Sure, that’s one example of this.  The general issue is that “reasoning about undef vector element results” is not specific to shuffles.  It applies equally to other operations as well.

>> Why don’t we have something like the !range metadata that applies to load/call/shuffle to indicate that the result vector elements have some unknown elements?  This would be far more general and correct.
> Instead of adding a new attribute, can we use a `select` (or perhaps a new intrinsic) to express which lanes are undef? That way the same mechanism would also work for scalable vectors without having to figure out some convoluted way to describe that in metadata.
> 
> At the moment the `select` would be thrown away by InstCombine which folds `select %p, %v, undef -> %v`. I'm not sure to what extend this is desirable; it is useful to be folded away for certain purposes but not when you want to explicitly specify that something can be undef. Perhaps a new intrinsic would be more appropriate?
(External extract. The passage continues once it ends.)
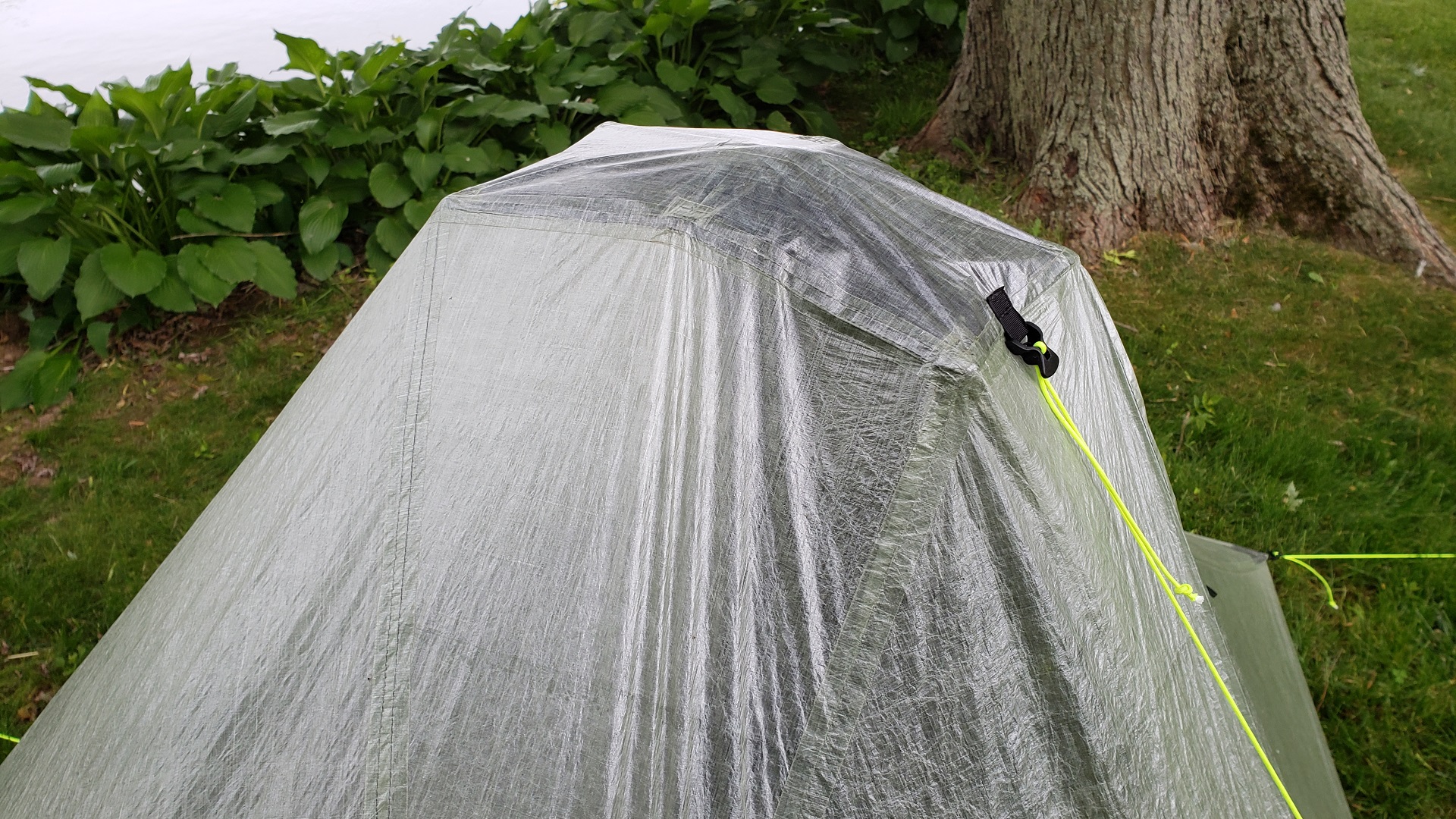 The default material choice on this tent is .51 oz/sqyd Dyneema Composite Fabric. It has high tensile strength and

The goal here is to keep scalable and fixed vectors as similar as possible, while not allowing the mechanisms to regress fixed vectors.  I don’t think that select will do that.  We’re talking vector-element level undef analysis, not undef of the whole vector.

> 
>>> On Feb 7, 2020, at 4:42 PM, Eli Friedman <efriedma at quicinc.com> wrote:
>>>> The other aspect here is the use of "undef" in fixed shuffles.  Frontends usually don't do this, but some of our optimizations for shuffles are built around replacing unused results of shuffles with "undef".  We don't want to forbid transforming "<0, 4, 1, 5>" -> "<0, undef, 1, 5>" because we decided the former was the named shuffle "zip", and we want to allow transforms/analysis for zip-like shuffles on "<0, undef, 1, 5>".  So I think it ends up being more straightforward to have a helper for "is this a zip", as opposed to a helper to transforming a "zip" to a fixed shuffle mask.
> For some shufflemask like `<0, undef, undef, undef>`, I guess this means that 'isSplat' and 'isZipLo' would both return true?

Yes.  That’s already generally true of the target isel stuff.

> Just recapping the discussion here for my understanding (please correct me where I'm wrong):
> 
> - The original proposal is to extend `shufflevector` to take either a 'shuffle pattern' or a 'shuffle mask'.
>  - For fixed-width shuffles it will retain the mask, in case any of the elements is 'undef' (so not to lose that information)
>  - ShuffleVectorInst is extended with methods to query if something e.g. is a zip/splat/etc.
> 
> - An alternative would be to not unify these into a single `shufflevector`, but rather have multiple operations.
>  - InstCombine can segment shuffles into two exclusive sets of operations: known shuffle patterns vs unknown pattern with explicit mask
>  - To avoid multiple representations for the same shuffle, we want to map to exclusively either to 'explicit mask' or 'known mask' operations.
>    But in order not to lose information about lanes being undef, we'd then need to model the 'undef' lanes separate from the instruction.

Right.

> For either route, does this mean we'll also want to consider supporting data-dependent shuffle masks? (I don't see why we wouldn't support those if we go through the lengths of adding support for more types of shuffles).

I’m saying that this is a likely future, but I would really prefer NOT to lump it into the same discussion.  It is just useful to keep the bigger context in mind while talking about specific points.

-Chris